Da diversi giorni, decine di migliaia di lavoratrici e di lavoratori ricevono chiamate, o addirittura fanno chiamate, per vendere abbonamenti telefonici, polizze assicurative o per fornire assistenza clienti a società commerciali multinazionali! Per quale mai ragione, data l’emergenza sanitaria che stiamo vivendo, il nostro lavoro è essenziale? Ogni giorno i dipendenti del settore sono obbligati a recarsi al lavoro rischiando vari tipi di sanzioni (licenziamenti, messe in libertà, multe, ecc.). Questo a rischio di ritrovarci in centinaia nei luoghi di produzione o, a volte, di sostituire i colleghi di lavoro nelle postazioni senza che le postazioni siano state pulite con i materiali adeguati e trasmettendoci l’uno l’altro le stesse cuffie.
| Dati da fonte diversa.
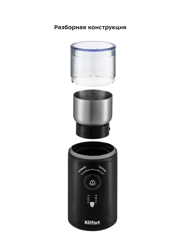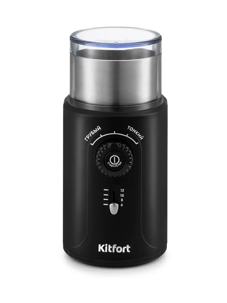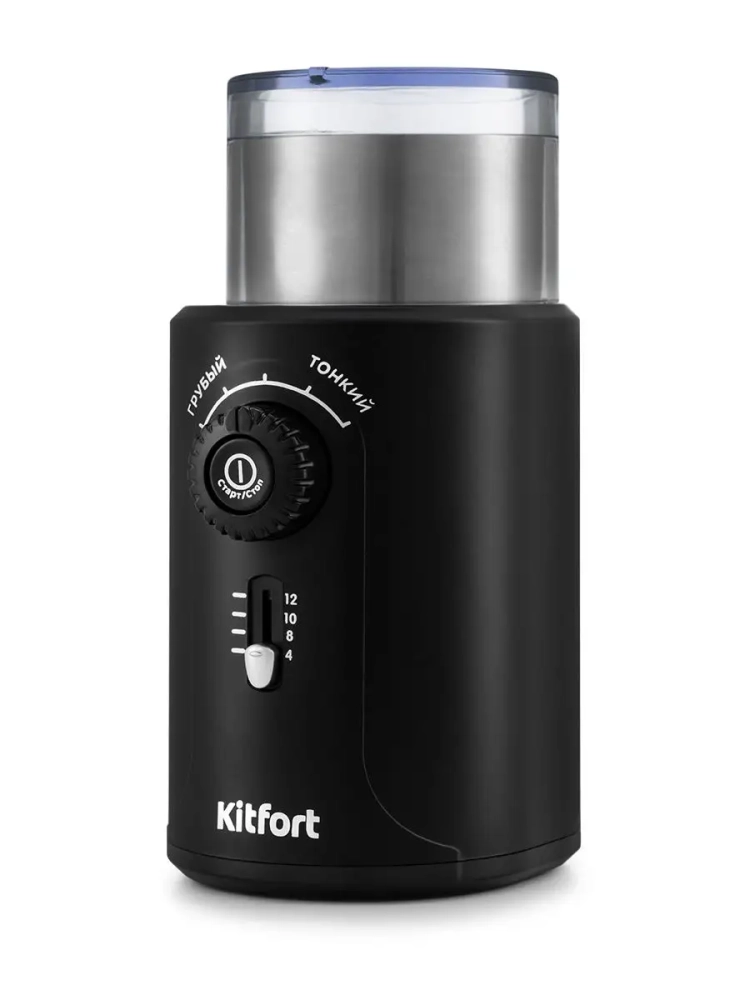 Мощная кофемолка Китфорт КТ-747 с электронным управлением предназначена для помола кофейных зерен и измельчения специй и орехов. Кофемолка укомплектована съемной чашей из нержавеющей стали и прозрачной крышкой. В чаше установлен двухлезвийный нож-дробилка для эффективного измельчения зерен кофе или специй. Прибор оснащен регуляторами степени помола и количества чашек. Кнопка включения расположена на регуляторе степени помола. Защитный механизм не позволит включить кофемолку, если крышка установлена неправильно. Корпус кофемолки выполнен из пластика, а на дне есть специальные прорезиненные нескользящие ножки. В нижней части корпуса имеется отсек для хранения сетевого шнура с механизмом смотки.

Gli incidenti continuano ad accumularsi poiché la vicinanza e le condizioni di lavoro sono un terreno estremamente favorevole per la diffusione del virus. Ogni giorno i centri annunciano infezioni, a volte anche a dozzine, e chiudono … per riaprire poche ore o pochi giorni dopo.

Ci rifiutiamo di continuare a produrre un servizio senza senso e insicuro. Laddove il servizio è essenziale, come ad esempio il servizio di informazione COVID-19, richiediamo che venga fornita una adeguata protezione:

  • Gel, sapone, salviette disponibili continuamente per i dipendenti;
  • Massimo di 50 addetti per area di lavoro;
  • Un metro di distanza tre le persone;
  • In caso di infezione accertata, evacuazione dei locali fino alla disinfezione.

Tutte e tutti noi lavoratori insieme chiediamo che la produzione venga fermata! Questo è possibile ed è già stato ottenuto in alcune aziende. I salariati dei subappalti di questo settore, per lo più donne e molto precarie, non accetteranno di essere la carne da macello del sistema capitalista. Riaffermiamo, più che mai, che le nostre vite valgono più dei loro profitti!

Chiediamo la chiusura di tutti i call center non essenziali e il pieno pagamento dei nostri salari. Le multinazionali del settore non devono approfittare della crisi per risparmiare sui costi del lavoro nei paesi in cui la legislazione è meno protettiva. Lo fanno già abbastanza durante tutto l’anno. Oggi, in questa crisi, devono assumersi le loro responsabilità. Rivendichiamo anche la fine delle sanzioni per i diritti di recesso, per le assenze e lo stop ai licenziamenti. Infine, al di là dei call center, noi lottiamo affinché ci sia la stessa considerazione del pericolo per tutte le attività non essenziali.